Taking only the lines of the data below from the line with "- Output Tokens" to the line with "在默认情况下堆外内存并不启用,可通过配置 spark.memory.offHeap.enabled 参数启用,并由", ends included, write them out exactly and without pictures.

#### DATA EXTRACTS ####

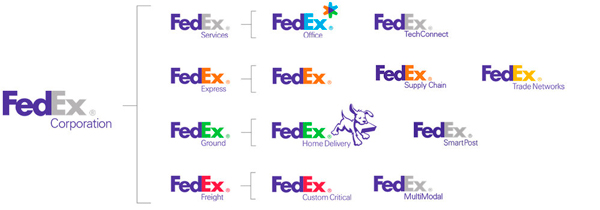 FedEx chính là một ví dụ tuyệt vời cho thương hiệu áp dụng mô hình cấu trúc Branded house. FedEx Express, Ground, Freight đều là những sub-brands nằm trong doanh nghiệp. Một mô hình được xây dựng tương đối mạch lạc và rất nhiều cơ hội mở rộng trong tương lai.
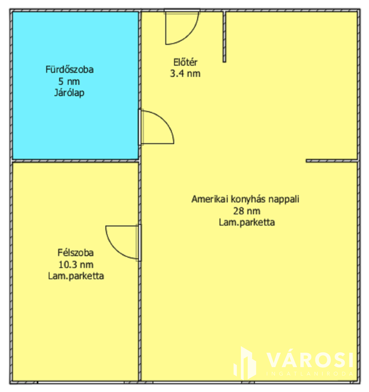 Helyiségei: amerikai konyhás nappali, hálószoba, előtér, fürdőszoba.
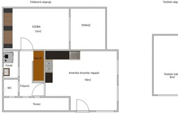 - **Nappali:** Tágas, világos tér amerikai konyhával
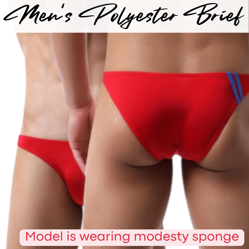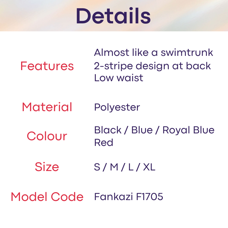 Made of polyester. Almost like a swim trunk, in terms of look and feel. 2-stripe design with a colour contrast.
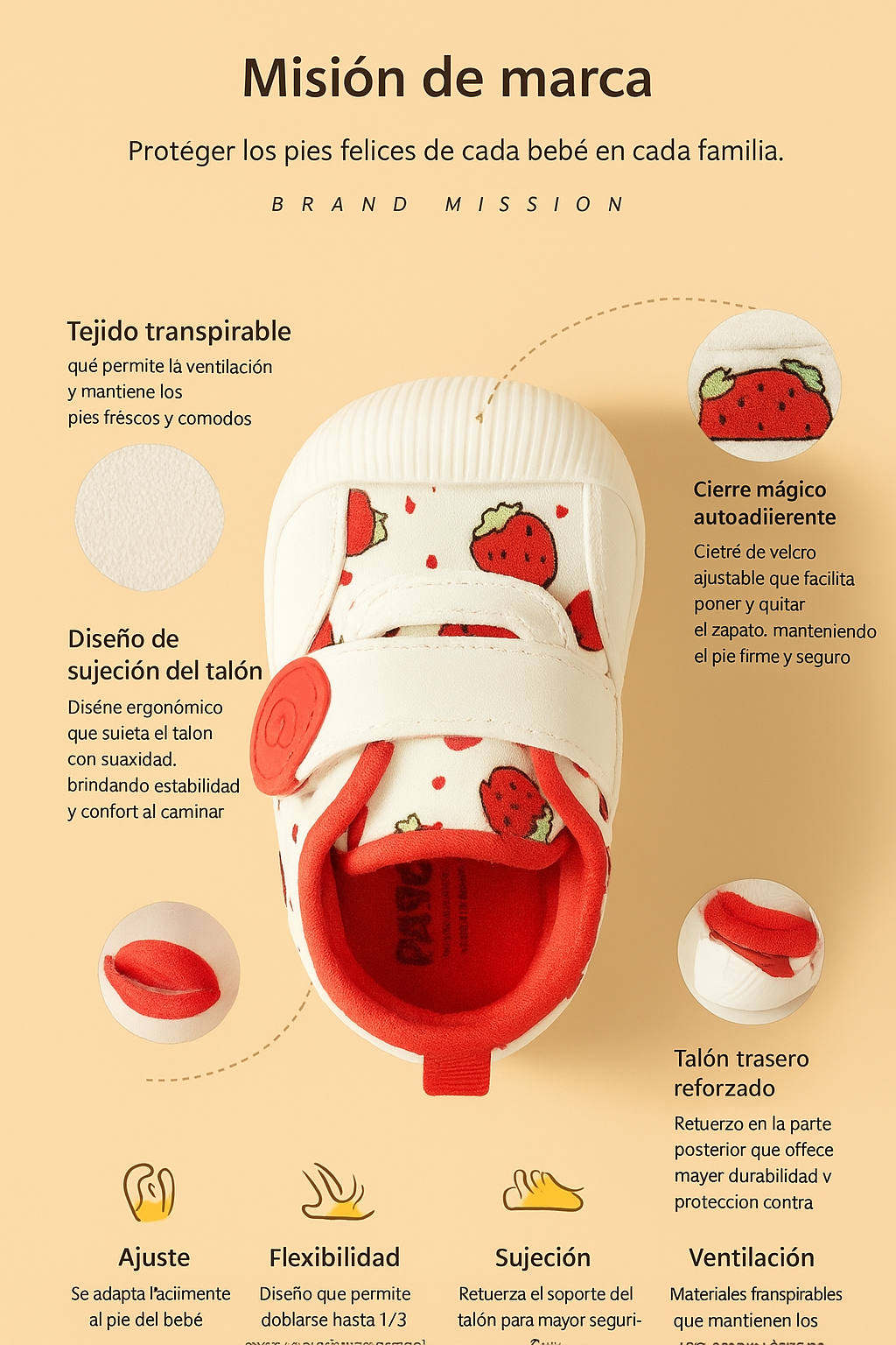 Fabricados con tejido transpirable y flexible, combinan suavidad, durabilidad y ligereza. Son perfectos para mantener los pies del bebé cómodos y frescos todo el día.
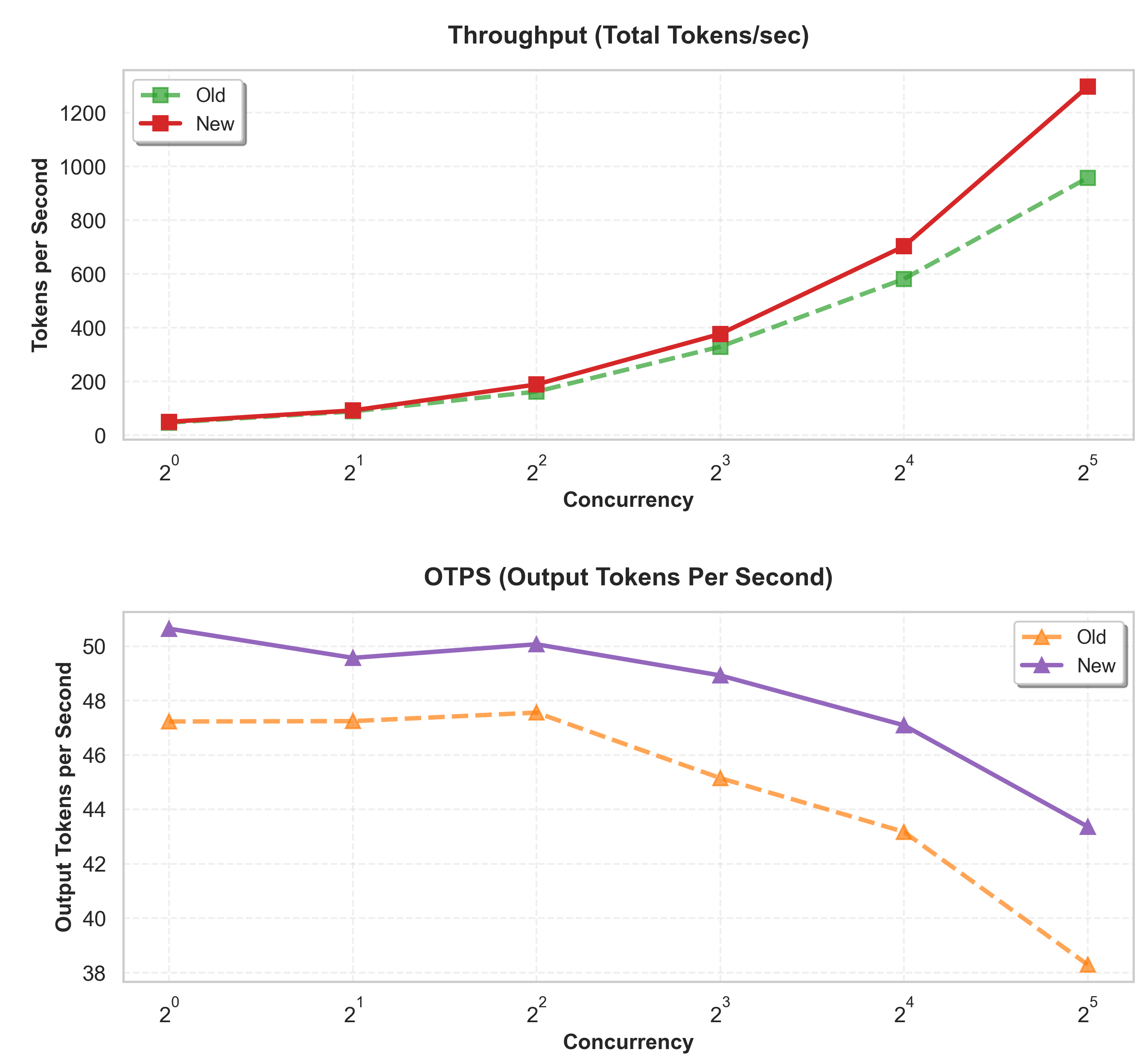 - Output Tokens Per Second (OTPS): Increased from 44.8 to 48.3 tokens/sec (7.8% increase). Faster token generation improves streaming response quality.
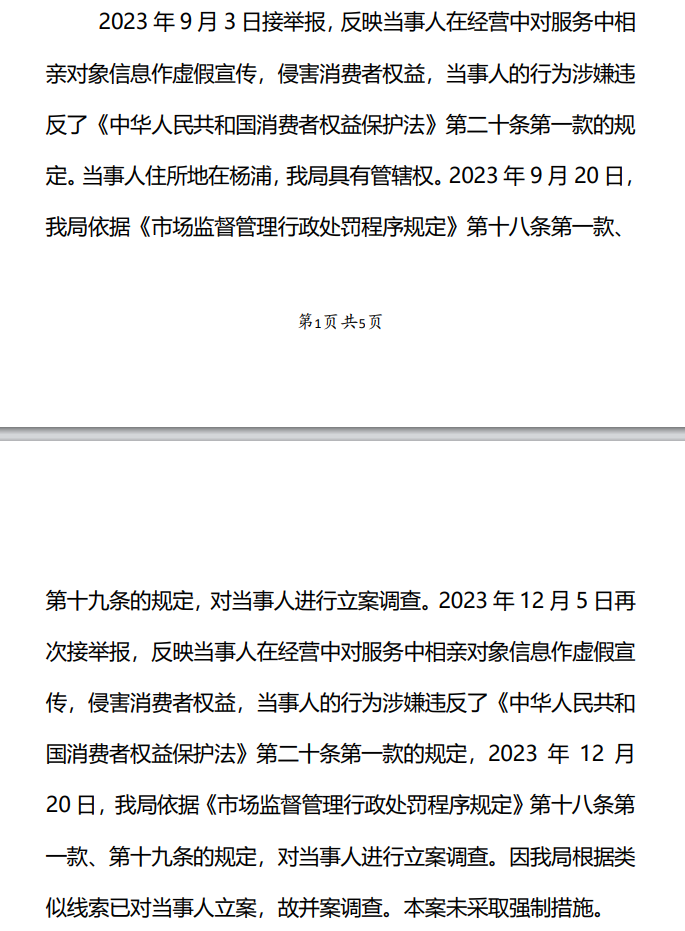 处罚事由显示,2023年9月、12月,当事人被举报在经营中对服务中相亲对象信息作虚假宣传,侵害消费者权益。经查,当事人为“世纪佳缘”app的经营管理者。2022年6月和2023年8月,在销售过程中,当事人销售人员为促使消费者购买高端定制会员服务提供虚假的相亲信息,涉及服务费20799元。
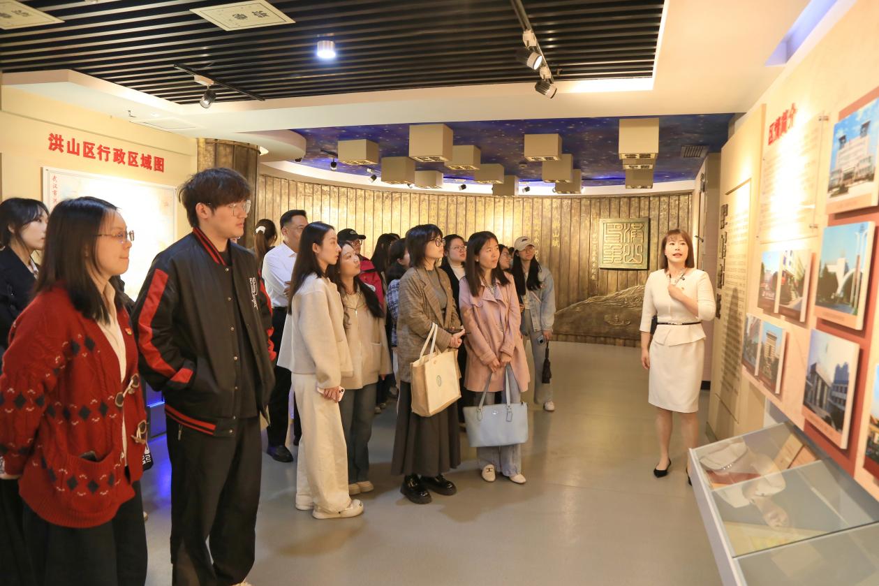 当天,师生们参观了“洪山印象”主题展区,通过珍贵档案、历史照片、实物展品等,沉浸式了解洪山的发展变迁与建设成就。在档案库房,大家直观学习了档案管理、保存、利用等专业流程,将课本知识与实际操作紧密结合。
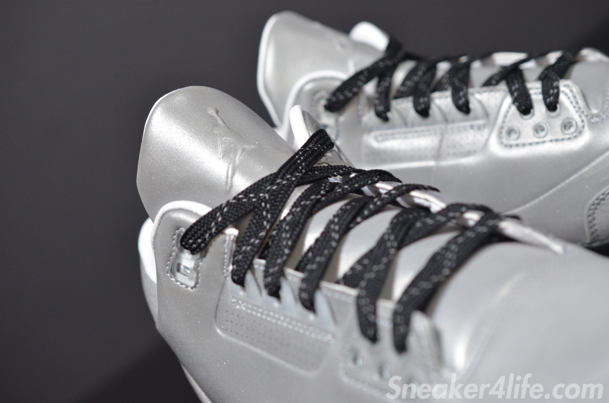 这款采用 Air Jordan 3 鞋型的 Air Jordan 5Lab3 的亮点在于鞋面、鞋舌、后跟和鞋带上都采用了 3M 反光材质打造。
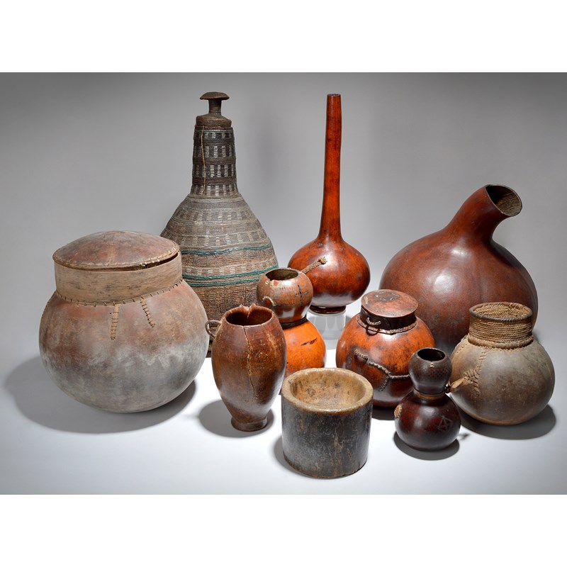 including two double gourds with incised decoration and fibre repairs, three with fibre necks and with covers, a Kenya wood milk vessel, a wood mortar and an Ethiopian basket vessel with silver coloured wire, with a cover,
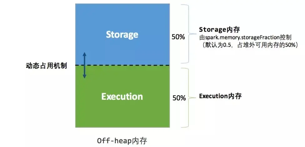 在默认情况下堆外内存并不启用,可通过配置 spark.memory.offHeap.enabled 参数启用,并由 spark.memory.offHeap.size 参数设定堆外空间的大小。除了没有 other 空间,堆外内存与堆内内存的划分方式相同,所有运行中的并发任务共享存储内存和执行内存。
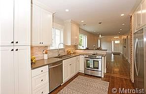 Sunnyside at it's BEST. This home was renovated in 2014 and is cool. It is an open floor plan, with vaulted ceilings in the foyer and a contemporary flair. There is new carpet, hardwood floors through out and exposed brick. There are south facing windows through out the main level so the house is airy and bright. The living room and eating space are open to the kitchen. The kitchen has a farm house sink, Caesarstone counter tops, a breakfast bar and a side by side refrigerator. The study can also be a bedroom and the dining room has a vaulted ceiling, doors to the deck and yard and can also be a conforming bedroom. The master suite has a full bathroom en-suite and a walk in closet. The basement is finished to include a family room, bar area, bedroom, full bath and a large laundry room. The yard has an outdoor patio, new landscaping, an over sized two car garage with shelving for your gear and two off street parking places.
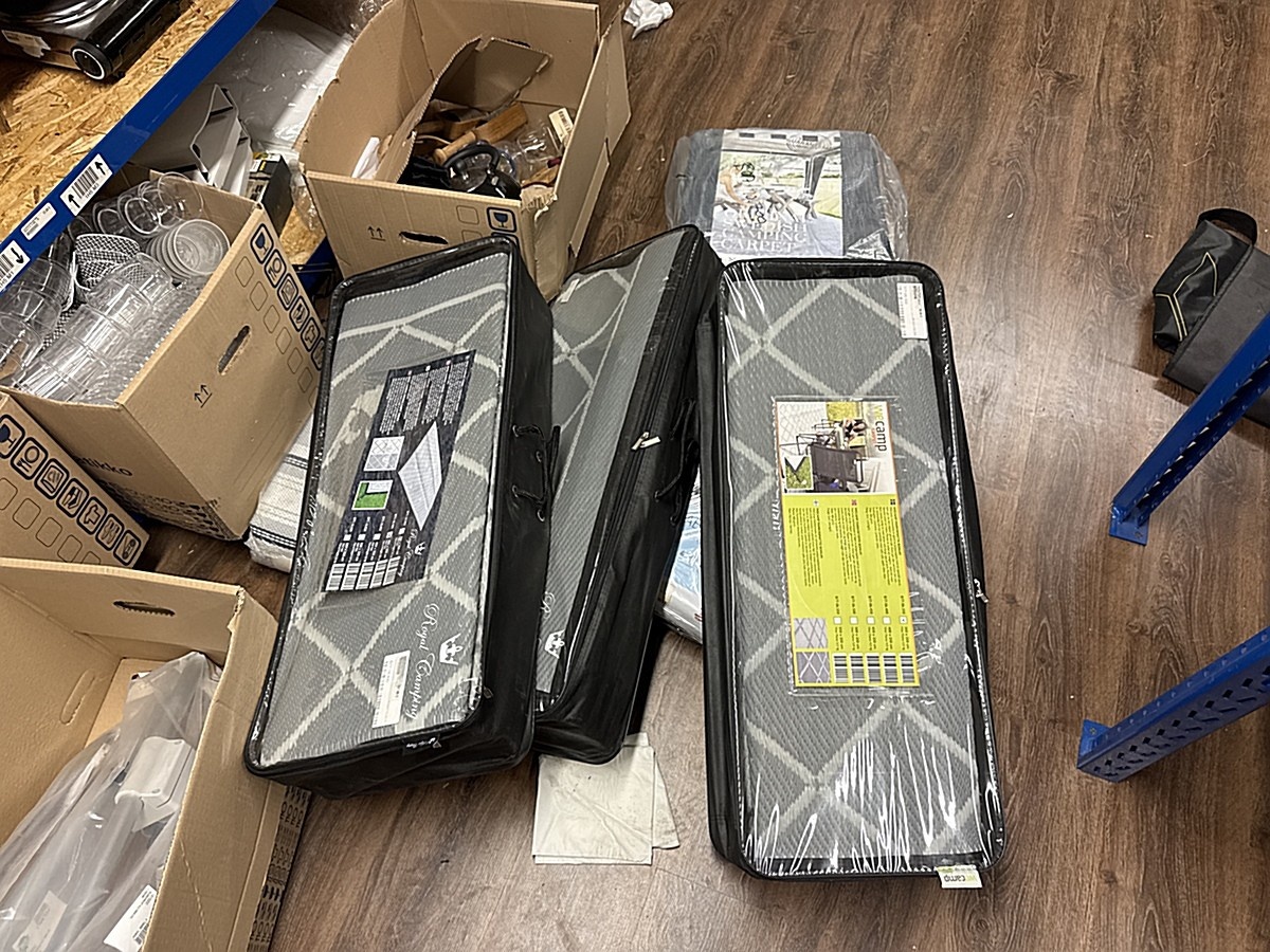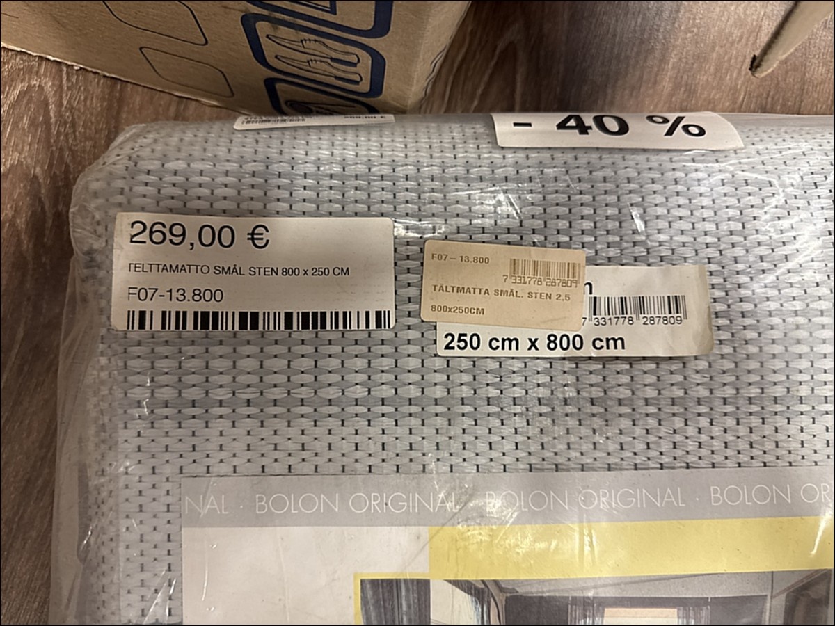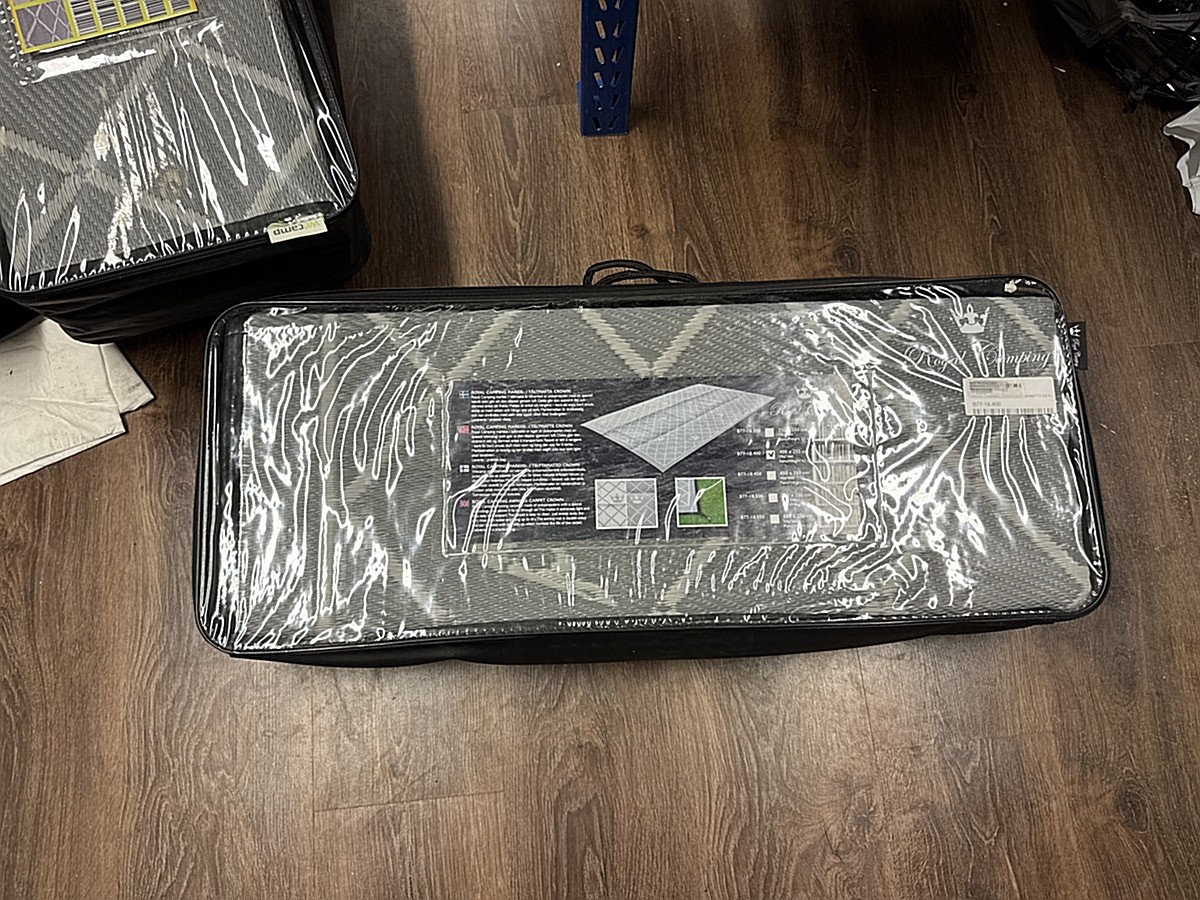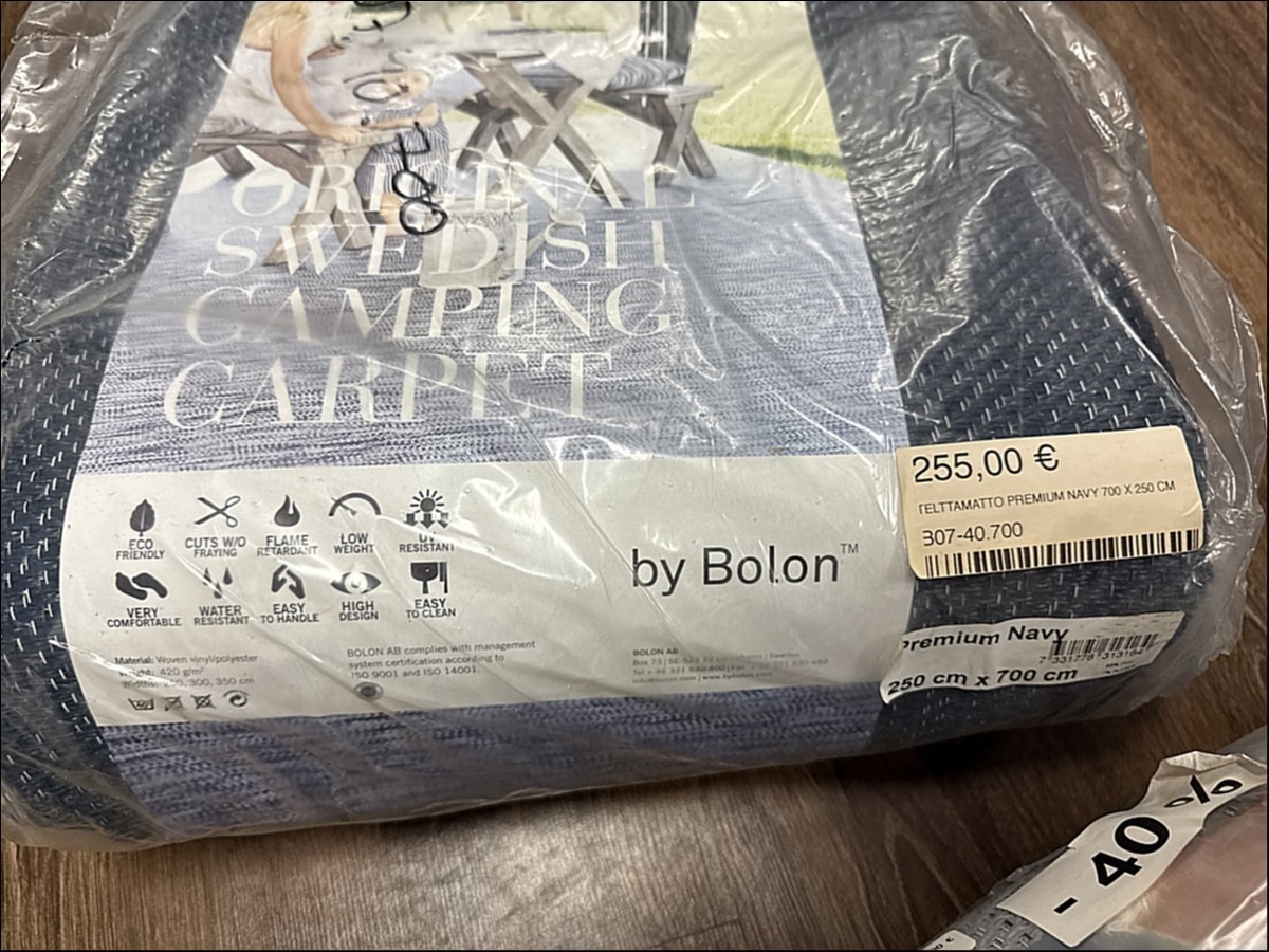 Myyntikohteet » 2. Karavaanitaivas Oy:n konkurssipesä (3341115-6). LAHTI, 27.02.2026 » 32. Telttamatot (6 kappaletta) myrskyliinat (7 kappaletta) ja rengaskiilat (3 kappaletta)

####

• EXERCISE RESULT:
 - Output Tokens Per Second (OTPS): Increased from 44.8 to 48.3 tokens/sec (7.8% increase). Faster token generation improves streaming response quality.
 处罚事由显示,2023年9月、12月,当事人被举报在经营中对服务中相亲对象信息作虚假宣传,侵害消费者权益。经查,当事人为“世纪佳缘”app的经营管理者。2022年6月和2023年8月,在销售过程中,当事人销售人员为促使消费者购买高端定制会员服务提供虚假的相亲信息,涉及服务费20799元。
 当天,师生们参观了“洪山印象”主题展区,通过珍贵档案、历史照片、实物展品等,沉浸式了解洪山的发展变迁与建设成就。在档案库房,大家直观学习了档案管理、保存、利用等专业流程,将课本知识与实际操作紧密结合。
 这款采用 Air Jordan 3 鞋型的 Air Jordan 5Lab3 的亮点在于鞋面、鞋舌、后跟和鞋带上都采用了 3M 反光材质打造。
 including two double gourds with incised decoration and fibre repairs, three with fibre necks and with covers, a Kenya wood milk vessel, a wood mortar and an Ethiopian basket vessel with silver coloured wire, with a cover,
 在默认情况下堆外内存并不启用,可通过配置 spark.memory.offHeap.enabled 参数启用,并由 spark.memory.offHeap.size 参数设定堆外空间的大小。除了没有 other 空间,堆外内存与堆内内存的划分方式相同,所有运行中的并发任务共享存储内存和执行内存。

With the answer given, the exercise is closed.